### Task requirements
An exact copy of every record is needed, with the pictures left out.

### Given data
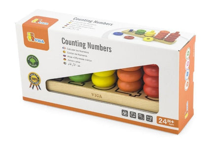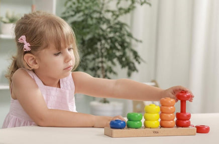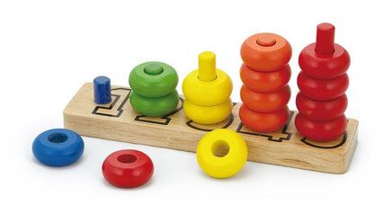 Wooden stacking ring which has number and colour match. A good basic tool for children to practice their colour and number matching skills.
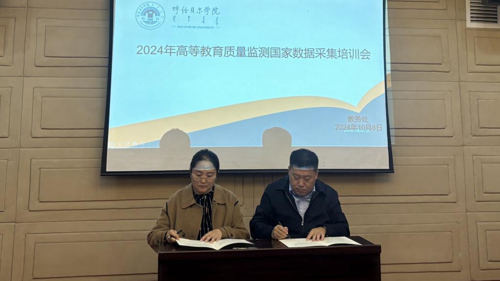 會上,尹立軍強調(diào),一要高度重視數(shù)據(jù)填報工作。本次數(shù)據(jù)采集工作是本科教育教學審核評估工作的重點內(nèi)容,各部門、各學院務(wù)必要精準掌握數(shù)據(jù)指標內(nèi)涵,確保采集和填報的數(shù)據(jù)真實準確。二要加強協(xié)同配合,各相關(guān)部門需緊密協(xié)作,有效溝通,確保數(shù)據(jù)科學合理,全面反映學校的辦學能力和水平。三要明確責任歸屬,科學合理規(guī)劃填報周期和時間點,確保數(shù)據(jù)的準確錄入和嚴格審核。會議中,職能部門、二級學院負責人代表與尹立軍副校長代表學校共同簽署了《呼倫貝爾學院2024年高等教育質(zhì)量監(jiān)測國家數(shù)據(jù)平臺數(shù)據(jù)采集工作責任書》,進一步明確了填報任務(wù)與責任分工。
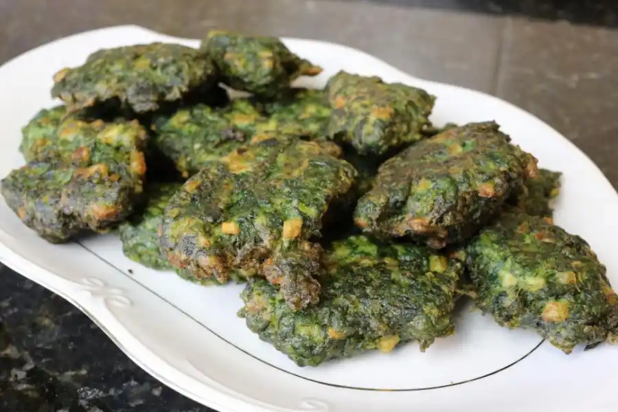 De espinacas: lavar muy bien y picar un atado mediano de espinacas; pelar y picar un diente de ajo grande y rallar 80 g de queso parmesano. En un recipiente profundo batir 2 huevos y luego agregar el resto de los ingredientes; añadir sal y pimienta y mezclar muy bien. Poner la mezcla en una fuente apta para horno con rocío vegetal oleoso y cocinar a 180 ° durante unos 15 minutos. Sacar del horno, esperar que se enfríe unos minutos, cortar en cuadrados que se puedan tomar con la mano, empaquetar y poner en la conservadora para que se mantenga tibio.
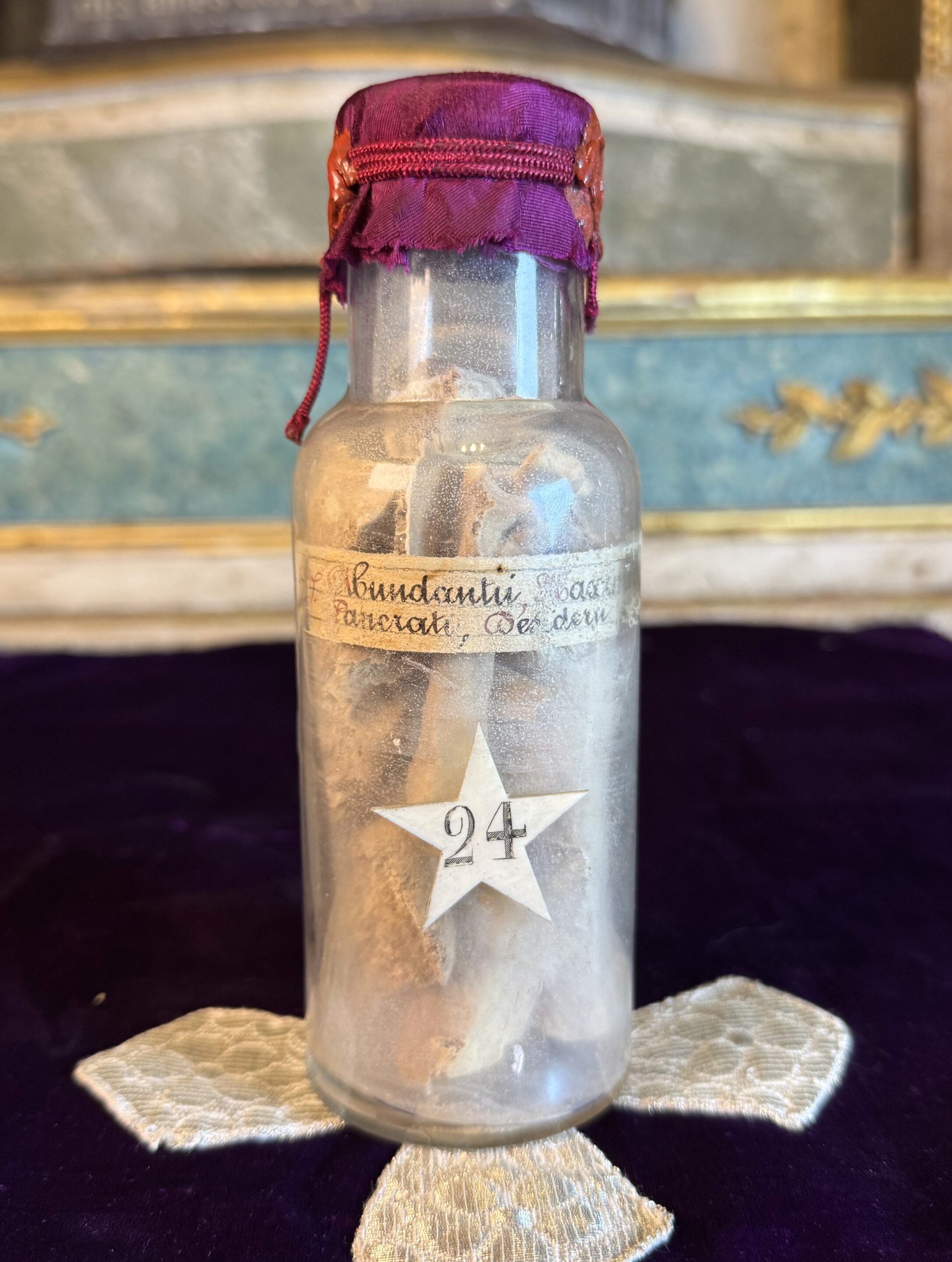 Made of glass, our cylinder bears a scroll indicating that it contains relics of Saints Abondius, Maximin, Pancras, and Desiderius, Martyrs of the early centuries. In Latin: Abundatii, Maximi, Pancarti, Desiderii. It contains numerous fragments, ex ossibus. The stopper is sealed with a red cord and two episcopal seals. Dimensions: 16 cm high. Good condition.
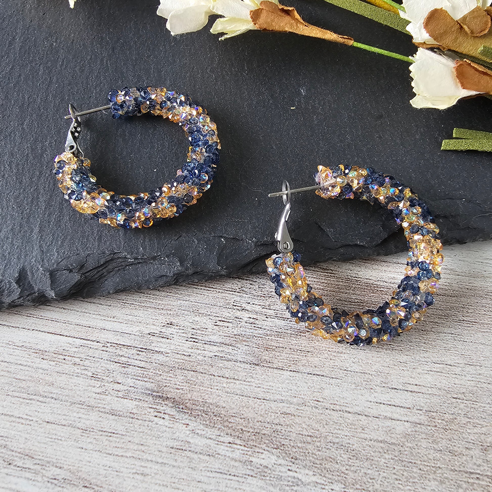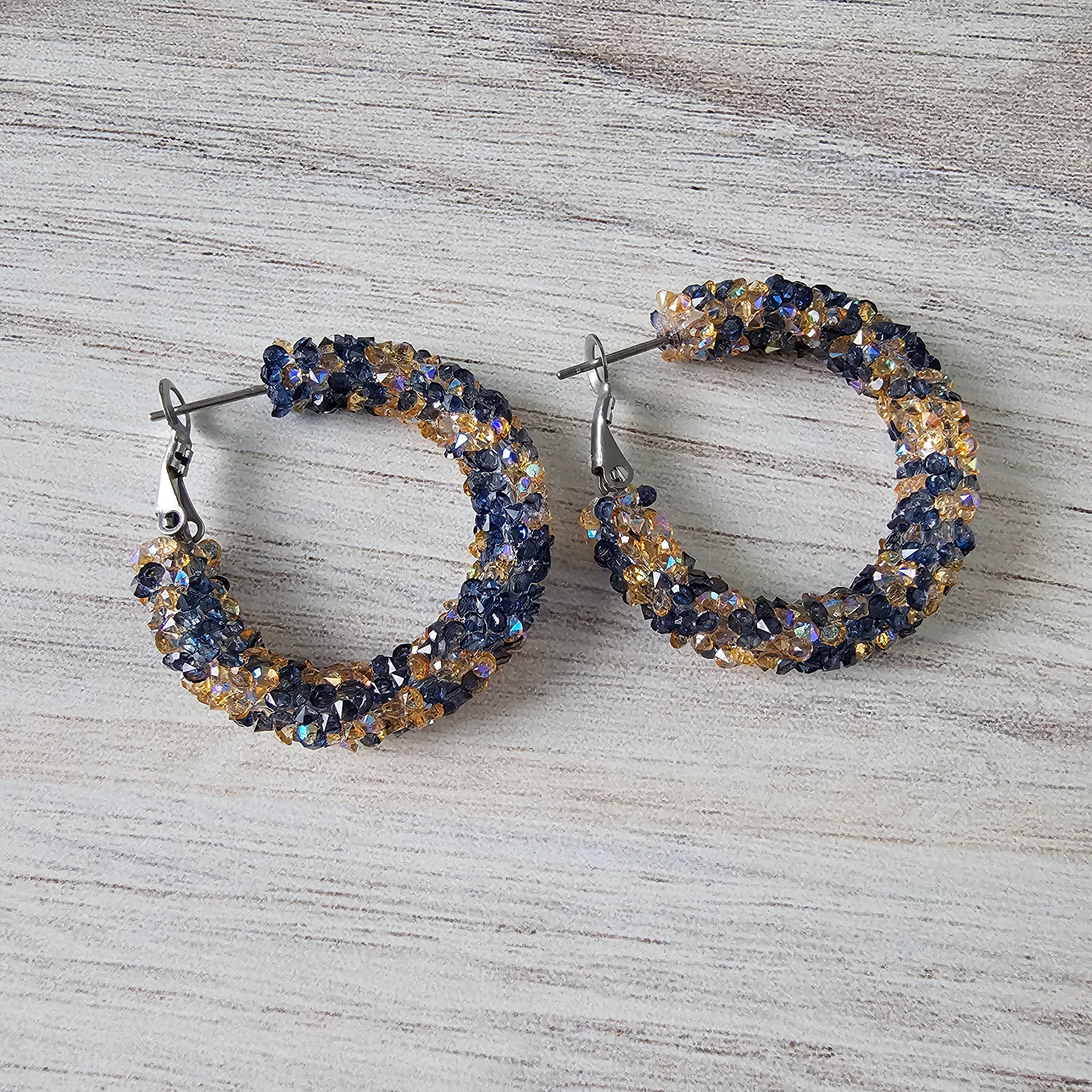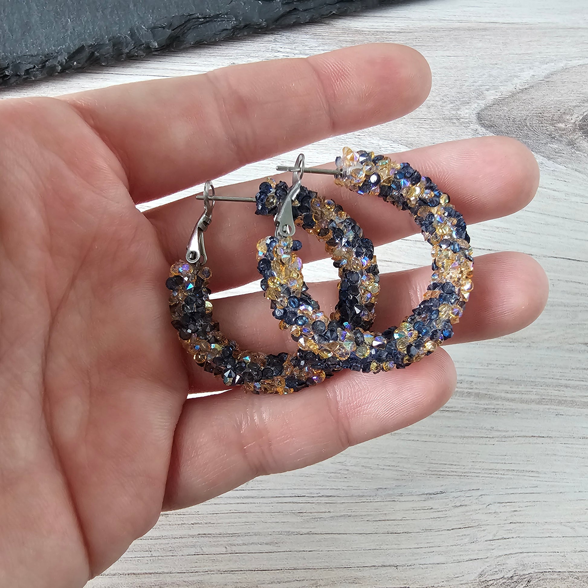 Add a touch of sparkle to your look with our Blue & Yellow Chunky Glitter Hoops. Made with blue and yellow rhinestone glitter, these hoops are perfect for sensitive ears with their stainless steel material.

### Response for this exercise
 Wooden stacking ring which has number and colour match. A good basic tool for children to practice their colour and number matching skills.
 會上,尹立軍強調(diào),一要高度重視數(shù)據(jù)填報工作。本次數(shù)據(jù)采集工作是本科教育教學審核評估工作的重點內(nèi)容,各部門、各學院務(wù)必要精準掌握數(shù)據(jù)指標內(nèi)涵,確保采集和填報的數(shù)據(jù)真實準確。二要加強協(xié)同配合,各相關(guān)部門需緊密協(xié)作,有效溝通,確保數(shù)據(jù)科學合理,全面反映學校的辦學能力和水平。三要明確責任歸屬,科學合理規(guī)劃填報周期和時間點,確保數(shù)據(jù)的準確錄入和嚴格審核。會議中,職能部門、二級學院負責人代表與尹立軍副校長代表學校共同簽署了《呼倫貝爾學院2024年高等教育質(zhì)量監(jiān)測國家數(shù)據(jù)平臺數(shù)據(jù)采集工作責任書》,進一步明確了填報任務(wù)與責任分工。
 De espinacas: lavar muy bien y picar un atado mediano de espinacas; pelar y picar un diente de ajo grande y rallar 80 g de queso parmesano. En un recipiente profundo batir 2 huevos y luego agregar el resto de los ingredientes; añadir sal y pimienta y mezclar muy bien. Poner la mezcla en una fuente apta para horno con rocío vegetal oleoso y cocinar a 180 ° durante unos 15 minutos. Sacar del horno, esperar que se enfríe unos minutos, cortar en cuadrados que se puedan tomar con la mano, empaquetar y poner en la conservadora para que se mantenga tibio.
 Made of glass, our cylinder bears a scroll indicating that it contains relics of Saints Abondius, Maximin, Pancras, and Desiderius, Martyrs of the early centuries. In Latin: Abundatii, Maximi, Pancarti, Desiderii. It contains numerous fragments, ex ossibus. The stopper is sealed with a red cord and two episcopal seals. Dimensions: 16 cm high. Good condition.
 Add a touch of sparkle to your look with our Blue & Yellow Chunky Glitter Hoops. Made with blue and yellow rhinestone glitter, these hoops are perfect for sensitive ears with their stainless steel material.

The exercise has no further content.